To verify proper hydrolysis during the in vitro incubation of prepupae samples with digestive proteases, digests were analysed by SDS–PAGE electrophoresis. The results are shown in Figure 1, where digested, and samples before digestion are compared. The SDS-PAGE analysis of the undigested CP and PAgri showed a similar protein pattern, the richest bands with a higher molecular mass. On the other hand, PFR and PFP samples presented all the protein bands concentred in a lower molecular weight range (25–10 kDa), probably due to the previous fermentation process [35]. In any case, there was a clear difference between the protein pattern of the digested (+) and non-digested (−) samples. In the non-digested samples, it is possible to observe the presence of protein bands which completely disappeared in the digested samples, showing that the digestive protocol, hydrolysing the proteins and generating small peptides not visible with this kind of analysis, degraded the initially present proteins. Furthermore, even the previously fermented samples (PFR and PFP) showed fainter bands after simulated gastrointestinal digestion, suggesting a further degradation to smaller peptides.
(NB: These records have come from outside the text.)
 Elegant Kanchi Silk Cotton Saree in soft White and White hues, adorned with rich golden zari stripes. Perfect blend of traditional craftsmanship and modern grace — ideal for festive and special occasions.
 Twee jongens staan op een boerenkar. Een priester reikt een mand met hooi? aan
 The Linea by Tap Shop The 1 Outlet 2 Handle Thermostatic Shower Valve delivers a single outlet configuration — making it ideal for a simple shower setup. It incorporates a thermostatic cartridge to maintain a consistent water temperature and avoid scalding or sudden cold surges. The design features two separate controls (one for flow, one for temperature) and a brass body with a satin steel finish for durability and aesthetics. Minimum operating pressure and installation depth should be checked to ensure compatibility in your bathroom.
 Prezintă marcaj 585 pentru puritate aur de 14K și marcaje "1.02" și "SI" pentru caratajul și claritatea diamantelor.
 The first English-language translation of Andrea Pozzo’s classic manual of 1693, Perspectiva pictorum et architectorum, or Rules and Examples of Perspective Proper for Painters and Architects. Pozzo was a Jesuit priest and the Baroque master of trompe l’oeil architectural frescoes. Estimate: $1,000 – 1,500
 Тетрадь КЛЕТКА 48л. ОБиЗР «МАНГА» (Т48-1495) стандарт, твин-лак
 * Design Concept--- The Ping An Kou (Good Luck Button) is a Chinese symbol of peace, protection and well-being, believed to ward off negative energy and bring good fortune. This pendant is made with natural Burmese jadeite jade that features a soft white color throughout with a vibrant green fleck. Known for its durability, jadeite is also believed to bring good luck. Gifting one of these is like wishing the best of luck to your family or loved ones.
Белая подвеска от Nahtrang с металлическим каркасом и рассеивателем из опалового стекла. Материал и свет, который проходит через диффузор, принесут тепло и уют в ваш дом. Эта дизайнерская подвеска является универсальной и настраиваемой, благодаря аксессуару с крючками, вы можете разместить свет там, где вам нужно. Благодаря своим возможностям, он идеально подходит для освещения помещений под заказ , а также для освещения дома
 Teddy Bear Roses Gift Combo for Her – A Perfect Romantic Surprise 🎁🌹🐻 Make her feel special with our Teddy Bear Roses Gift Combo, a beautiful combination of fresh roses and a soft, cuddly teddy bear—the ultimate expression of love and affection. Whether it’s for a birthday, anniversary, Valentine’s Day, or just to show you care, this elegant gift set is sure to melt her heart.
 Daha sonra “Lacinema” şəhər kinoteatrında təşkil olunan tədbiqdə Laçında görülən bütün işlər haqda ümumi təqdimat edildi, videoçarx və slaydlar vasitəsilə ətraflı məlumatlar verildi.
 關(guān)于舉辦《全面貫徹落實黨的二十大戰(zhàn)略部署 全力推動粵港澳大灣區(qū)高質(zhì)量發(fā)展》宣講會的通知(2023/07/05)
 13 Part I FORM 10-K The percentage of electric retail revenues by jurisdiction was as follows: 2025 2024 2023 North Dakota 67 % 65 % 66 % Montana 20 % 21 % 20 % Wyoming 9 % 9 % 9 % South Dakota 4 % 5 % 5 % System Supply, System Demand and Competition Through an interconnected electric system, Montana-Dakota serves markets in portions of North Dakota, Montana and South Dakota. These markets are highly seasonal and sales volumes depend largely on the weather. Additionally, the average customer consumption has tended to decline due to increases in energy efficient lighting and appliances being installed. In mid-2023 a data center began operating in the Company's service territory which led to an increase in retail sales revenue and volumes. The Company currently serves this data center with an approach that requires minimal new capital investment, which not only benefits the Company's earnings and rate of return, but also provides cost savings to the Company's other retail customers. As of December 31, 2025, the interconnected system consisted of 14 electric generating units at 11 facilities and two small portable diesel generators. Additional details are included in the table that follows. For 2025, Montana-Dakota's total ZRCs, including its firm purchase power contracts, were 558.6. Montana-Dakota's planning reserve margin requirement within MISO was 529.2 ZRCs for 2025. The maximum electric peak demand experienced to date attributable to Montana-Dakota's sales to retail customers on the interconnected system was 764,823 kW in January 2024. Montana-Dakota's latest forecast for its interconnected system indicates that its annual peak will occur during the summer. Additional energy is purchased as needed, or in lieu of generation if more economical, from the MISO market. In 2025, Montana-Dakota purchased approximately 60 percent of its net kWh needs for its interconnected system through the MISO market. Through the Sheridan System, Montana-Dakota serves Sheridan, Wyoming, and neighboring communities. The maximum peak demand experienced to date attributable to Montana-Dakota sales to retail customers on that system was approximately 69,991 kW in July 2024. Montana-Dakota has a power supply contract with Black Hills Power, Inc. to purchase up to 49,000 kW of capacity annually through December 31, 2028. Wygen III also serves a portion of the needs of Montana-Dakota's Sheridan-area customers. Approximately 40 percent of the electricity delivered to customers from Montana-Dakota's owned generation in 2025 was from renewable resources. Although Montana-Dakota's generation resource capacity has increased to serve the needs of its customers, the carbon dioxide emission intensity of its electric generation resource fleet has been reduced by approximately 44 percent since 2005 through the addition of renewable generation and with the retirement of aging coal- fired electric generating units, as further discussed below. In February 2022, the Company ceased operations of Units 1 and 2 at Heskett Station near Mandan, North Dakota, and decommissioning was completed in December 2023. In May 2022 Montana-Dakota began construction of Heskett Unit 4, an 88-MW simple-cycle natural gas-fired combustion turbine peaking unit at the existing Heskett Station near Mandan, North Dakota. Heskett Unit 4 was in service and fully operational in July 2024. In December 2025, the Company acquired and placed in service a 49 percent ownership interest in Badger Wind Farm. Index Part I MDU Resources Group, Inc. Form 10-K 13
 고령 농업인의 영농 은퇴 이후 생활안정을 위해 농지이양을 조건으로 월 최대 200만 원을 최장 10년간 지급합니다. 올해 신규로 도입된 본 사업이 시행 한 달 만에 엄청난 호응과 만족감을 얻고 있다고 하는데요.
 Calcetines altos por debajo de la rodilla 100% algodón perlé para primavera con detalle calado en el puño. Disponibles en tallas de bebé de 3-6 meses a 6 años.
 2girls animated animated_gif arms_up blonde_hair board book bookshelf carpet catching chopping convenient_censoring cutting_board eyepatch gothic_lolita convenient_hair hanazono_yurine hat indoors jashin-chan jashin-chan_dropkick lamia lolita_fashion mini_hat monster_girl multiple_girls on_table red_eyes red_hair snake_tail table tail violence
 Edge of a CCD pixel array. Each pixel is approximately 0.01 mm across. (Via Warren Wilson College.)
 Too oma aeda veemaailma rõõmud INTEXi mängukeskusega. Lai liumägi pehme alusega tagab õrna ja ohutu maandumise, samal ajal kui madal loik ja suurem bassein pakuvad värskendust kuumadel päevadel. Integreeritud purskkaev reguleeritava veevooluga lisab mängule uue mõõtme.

3.3. Black Soldier Fly Protein Has DPP-IV Inhibitory Activity

The first purpose of this work was to assay whether BSF protein had DPP-IV inhibitory capacity and to determine whether optimized rearing conditions or previous fermentation of the BSF would affect it. Figure 2a shows that BSF CP and PAgri undigested samples had a slight but significant DPP-IV inhibitory capacity. This was similar between the two samples. Surprisingly, the fermentation of BSF with two different Lactobacillus strains did not increase but decreased the DPP-IV inhibitory activity of BSF. Then the effects of the same samples submitted to an in vitro gastrointestinal digestion was tested. The results are shown in Figure 2b. It can be observed that the simulated intestinal digestion produced hydrolysates with very high inhibitory activity (more than 90%) against the DPP-IV enzyme. Such inhibition was even higher than the positive control Diprotin A (CTR+) response at the tested conditions (82% inhibition). Negative control using only the gastrointestinal digestion vehicle without insects sample was also carried out at the different concentrations, showing no effects on DPP-IV activity (results not shown). As well as with the undigested samples, the BSF had no significant differences depending on the diet conditions. After gastrointestinal digestion, fermented samples (PFR and PFP) showed the same DPP-IV inhibitory activity as non-fermented samples.
To better quantify the effects of simulated gastrointestinal digestion on the DPP-IV activity of BSF protein, the IC50 was calculated for the CP protein before and after the digestion. Table 2 shows that the digested CP proteins showed a very low IC50 value, 10 times lower than the IC50 value of the undigested CP.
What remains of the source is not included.